The MTA plan also calls for six stations on the R line in downtown Brooklyn and lower Manhattan to be bypassed between 11 p.m. and 6 a.m. Currently, the N train serves these stations at night, but the proposal is to run the N over the Manhattan Bridge and skip the stations, according to the Straphangers. Four of affected stations would be shuttered at night and are the City Hall, Cortlandt, Rector and White Hall-South Ferry stops in Manhattan.
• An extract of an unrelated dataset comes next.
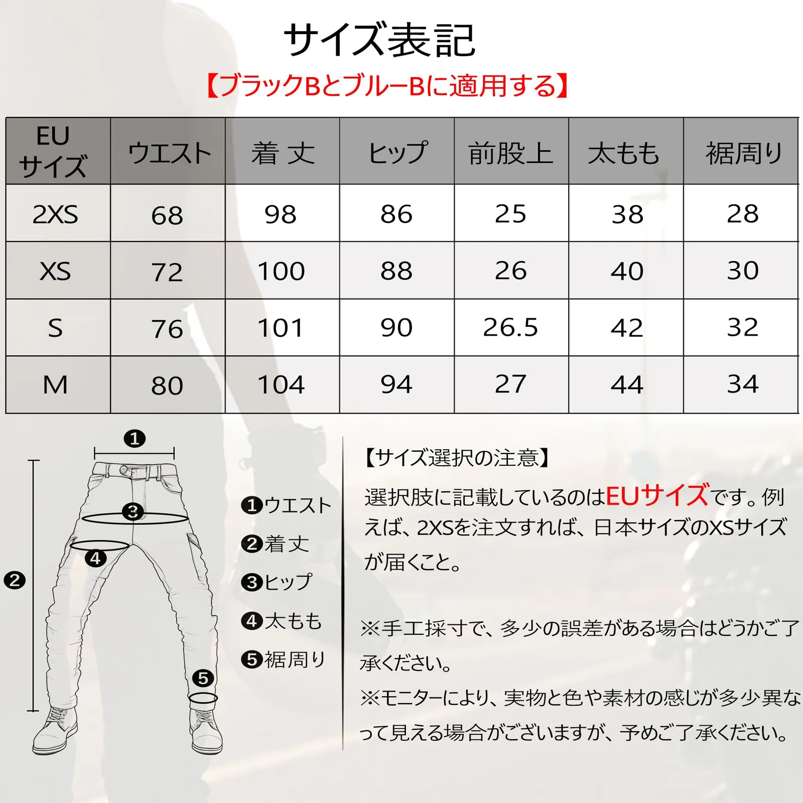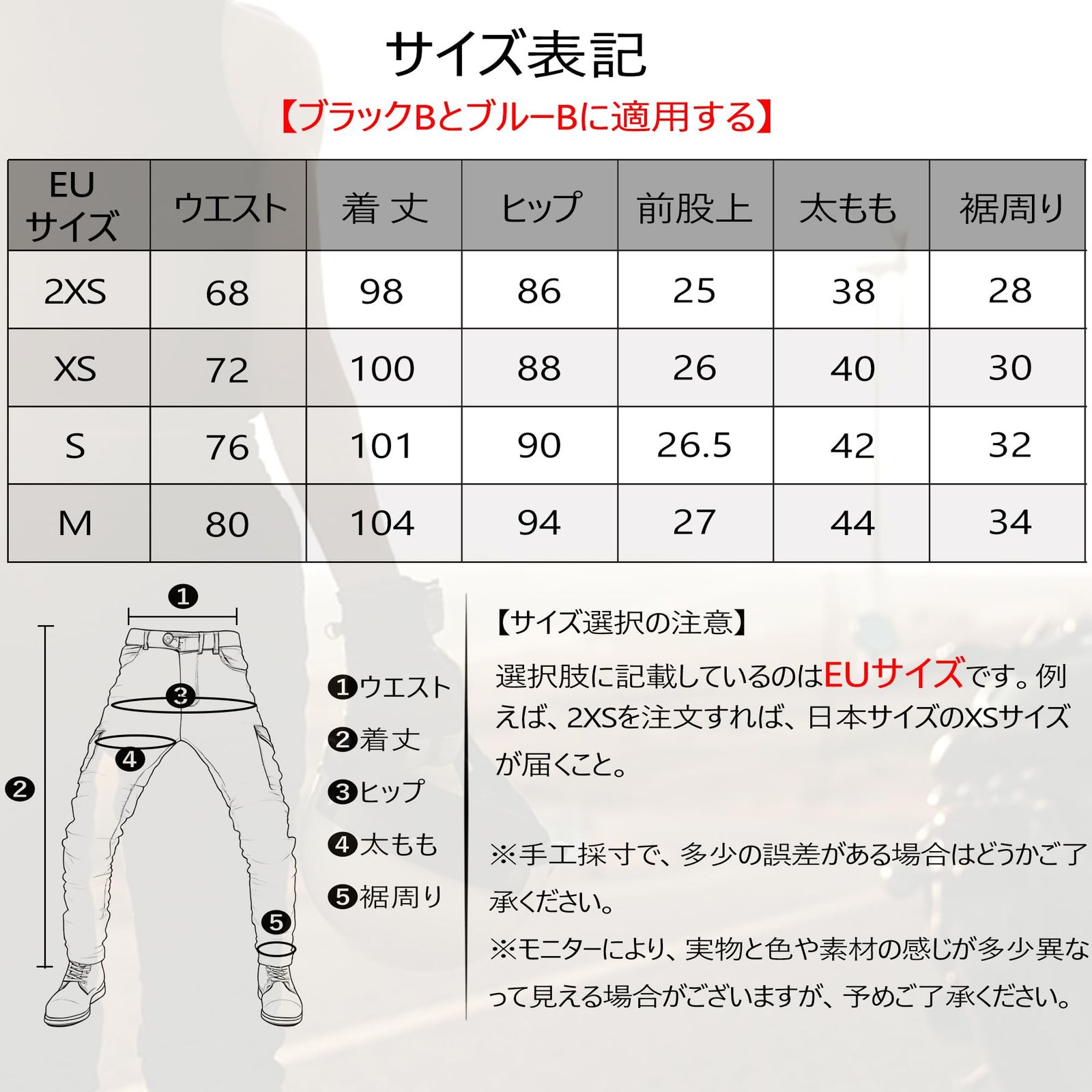 【洗濯注意】※こライダースパンツはインディゴ染め製品です。特性上、水分や汗、摩擦などにより色落ちする恐れがあります。 他の服と一緒に洗わないでください。 ※漂白剤や蛍光増白剤を使用しないでください。 長い時間水に漬けないでください。タンブラー乾燥はしないでください。
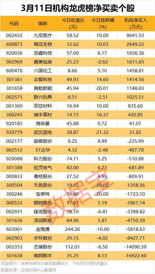 今日龙虎榜中,机构净买入个股有12只,机构净卖出的个股为14只。8股获机构净买入金额均超1000万元,九安医疗获机构净买入9641.53万元,居首;其次是梅花生物、觅睿科技、嘉美包装,机构净买入金额均超1000万元。

Two of the stations are in Brooklyn, the Court and Lawrence Street stations, respectively.
Also planned is the elimination of the M train in southern Brooklyn, cutting out 16 trains during the morning rush hour and 12 trains in the afternoon rush hour, resulting in longer waits and more crowding on the R line.
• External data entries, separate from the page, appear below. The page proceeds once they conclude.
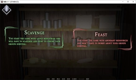 - 拾荒(SCAVENGE):游戏开始时你的资源十分匮乏,你得依靠躲避危险与搜寻猎物的方式,来保障团队的生存。
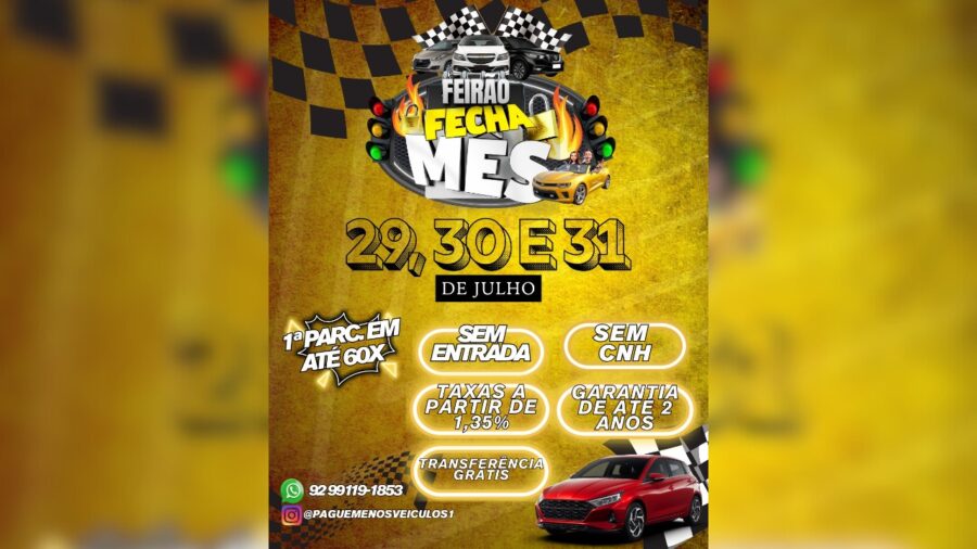 Se você está sonhando em trocar de carro ou sair de vez do transporte público, essa é a sua chance! A Pague Menos Veículos está realizando o Feirão Fecha Mês nos dias 29, 30 e 31 de julho, com condições especiais que vão facilitar — e muito — sua vida na hora de comprar um carro novo.
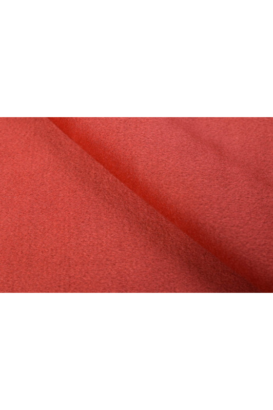 Italian coat fabric woven from natural wool with the addition of cashmere in red. Woolen fabrics are ideal for outerwear (coat, jacket, vest) because they warm and at the same time allow the skin to breathe. The addition of cashmere makes it even better insulating, as cashmere is warmer than sheep's wool.
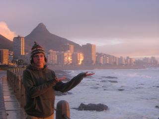 First day I ended up going to the National Art Gallery and walking through some gardens, then the rains came and Eric and I tried to get home, stopping along the way the see if the rains might let up… no go. Drenched, we arrived at the hostel and cleaned up for dinner. And thank God, He cleared the sky on the horizon and we got to see a beautiful sunset. After that we had a wonderful dinner on the ocean (I had Ostrich, Springbok and Kudu steak(all game animals) on a skewer, HEAVEN!)

The MTA admits “17,000 weekday passengers from South Brooklyn to Lower Manhattan would require an extra transfer to nearby lines and/or additional walking distance to their destination,” the Staphangers add.
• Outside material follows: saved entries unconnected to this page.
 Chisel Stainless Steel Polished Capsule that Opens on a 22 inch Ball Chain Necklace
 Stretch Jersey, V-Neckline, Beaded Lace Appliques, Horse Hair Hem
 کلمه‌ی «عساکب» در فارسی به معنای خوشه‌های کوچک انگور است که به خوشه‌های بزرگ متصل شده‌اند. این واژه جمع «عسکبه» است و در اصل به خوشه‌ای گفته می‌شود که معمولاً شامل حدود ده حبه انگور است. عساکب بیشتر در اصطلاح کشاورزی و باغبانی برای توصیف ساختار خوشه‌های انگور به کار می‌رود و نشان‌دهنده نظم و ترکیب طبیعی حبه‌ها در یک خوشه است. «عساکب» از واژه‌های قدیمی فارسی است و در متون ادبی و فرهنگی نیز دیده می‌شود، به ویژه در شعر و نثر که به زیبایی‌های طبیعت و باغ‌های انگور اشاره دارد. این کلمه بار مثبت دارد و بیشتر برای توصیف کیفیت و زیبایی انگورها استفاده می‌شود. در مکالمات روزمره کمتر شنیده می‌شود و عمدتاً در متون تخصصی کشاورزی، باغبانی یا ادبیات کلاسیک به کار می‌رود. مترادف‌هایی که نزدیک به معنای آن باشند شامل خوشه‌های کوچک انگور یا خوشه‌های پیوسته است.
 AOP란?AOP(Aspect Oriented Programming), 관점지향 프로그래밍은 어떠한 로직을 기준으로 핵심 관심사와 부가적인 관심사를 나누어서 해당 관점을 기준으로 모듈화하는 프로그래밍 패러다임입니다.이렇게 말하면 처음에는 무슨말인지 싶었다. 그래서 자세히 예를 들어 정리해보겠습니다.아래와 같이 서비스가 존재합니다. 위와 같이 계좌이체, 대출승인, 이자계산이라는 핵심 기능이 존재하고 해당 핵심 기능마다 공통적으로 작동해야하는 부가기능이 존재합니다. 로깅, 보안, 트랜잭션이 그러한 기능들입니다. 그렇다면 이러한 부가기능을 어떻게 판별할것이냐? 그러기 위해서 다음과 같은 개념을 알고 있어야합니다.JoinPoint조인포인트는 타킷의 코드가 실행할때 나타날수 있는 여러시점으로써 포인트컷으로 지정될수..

“As Brooklyn’s own Woody Allen once said, ‘I don’t want to achieve immortality through my work, I want to achieve it through not dying,’” eulogized Borough President Marty Markowitz. “We know the M and the R trains feel the same way. They want to live long and productive lives, and let’s face it, Brooklyn needs them! Our growing population of Downtown Brooklyn residents needs night-time service on the R; and for the M to be denied any entry into Brooklyn–that’s a fate worse than death.”
Jeremy Soffin, an MTA spokesperson said his agency feels commuters’ pain.
“At a time where transit ridership is higher, you want to be adding service, not cutting service,” he told this paper. “Unfortunately, we have a deficit that’s over a billion dollars, so we have no choice given our limited resources to cut service and raise fares.”
He said the MTA is advocating “every day” that the state legislature implement the Ravitch funding proposal, a rescue plan drafted by former MTA chairman Richard Ravitch that could include tolls on East River bridges.
If there is no rescue, the service cuts will be phased in over the spring and summer, Soffin said. He said the cuts would have been even worse had the MTA not had the foresight to initiate a recent fare increase. “It would have been hundreds of millions of dollars worse,” he noted.
Also in attendance were State Senator Daniel Squadron, Michael Burke, the head of the Downtown Brooklyn Partnership and a representative of State Assembly Member Joan Millman.
Other cuts being considered include eliminating the Z line; longer waits and more crowding on 12 subway lines; elimination of three bus routes and night service on 10 bus routes; and cutting two area routes to be cut: the B37 which serves Bay Ridge, Boerum Hill, Carroll Gardens, Downtown Brooklyn, Greenwood, Sunset Park) and B75, which rumbles through Boerum Hill, Downtown Brooklyn, Park Slope, and Carroll Gardens.